摘要： [目的]在南方酸性红壤中，低磷和铝毒是制约杉木人工林产量的重要因子。通过研究不同磷水平处理下，铝胁迫对杉木幼苗生理生化指标的影响规律，从而为阐明杉木适应自然环境中低磷富铝土壤机制提供基础数据，为我国酸性土壤杉木人工林的可持续经营和生产管理提供科学依据。[方法]设置0，0.16，0.32 mmol·L^-1 3个浓度梯度的预培养，并在Al³⁺（0.1 mmol·L^-1）和无Al³⁺（0 mmol·L^-1）的环境中进行模拟胁迫试验，分析不同供磷处理下铝胁迫对杉木幼苗的抗氧化酶活性等生理指标、元素吸收、根系各元素亚细胞分布规律以及透射电镜-X-射线能谱（TEM-EDS）下Al在各细胞器的分布的影响机制。[结果]Al³⁺导致杉木幼苗体内的超氧化物歧化酶（SOD）、过氧化物酶（POD）、过氧化氢酶（CAT）和丙二醛（MDA）等生理指标异常，随着供磷程度的增加，上述生理异常现象均得到有效的缓解。此外，随着供磷水平的增加，杉木幼苗根系中Al含量显著降低，而K、Mg、Zn和P的含量明显增加，叶片中Al、Mg、Ca和K的含量显著上升。TEM-EDS分析发现杉木幼苗根系细胞壁是铝聚集的主要场所，磷素能够促使铝向液泡转运，并在液泡当中沉积为黑色不溶颗粒。对根系亚细胞进一步分析发现，Al和P主要分布在杉木幼苗根系的细胞壁组分中，随着供磷水平的增加，根系细胞壁组分中的Al和P比例显著下降，而在可溶组分中显著增加，这说明P与Al同时向液泡转运，此外，K和Mg也出现类似的规律。
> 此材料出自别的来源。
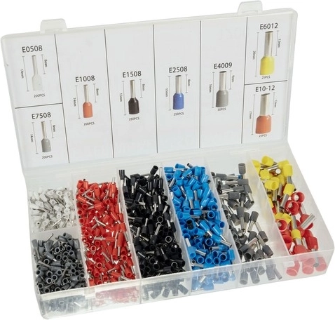 El paquete incluye un organizador transparente con 1200 punteras en ocho tamaños diferenciados por colores de 0,50 a 10,00 mm², para que siempre tenga a mano la medida correcta. Los alicates son adecuados tanto para profesionales como para aficionados, y resultan útiles en trabajos de montaje y mantenimiento eléctrico.

[结论]铝胁迫对杉木幼苗根系的毒害作用较大，磷素的增加主要通过改变杉木幼苗细胞内抗氧化酶活性以及Ca、K、Mg和Zn的吸收和转运，并增加Al向液泡转运，降低Al在杉木根系细胞壁组分中的富集，以维持根系细胞壁的正常结构和功能，从而缓解Al对杉木幼苗造成的膜脂过氧化作用，降低Al对杉木幼苗的损伤。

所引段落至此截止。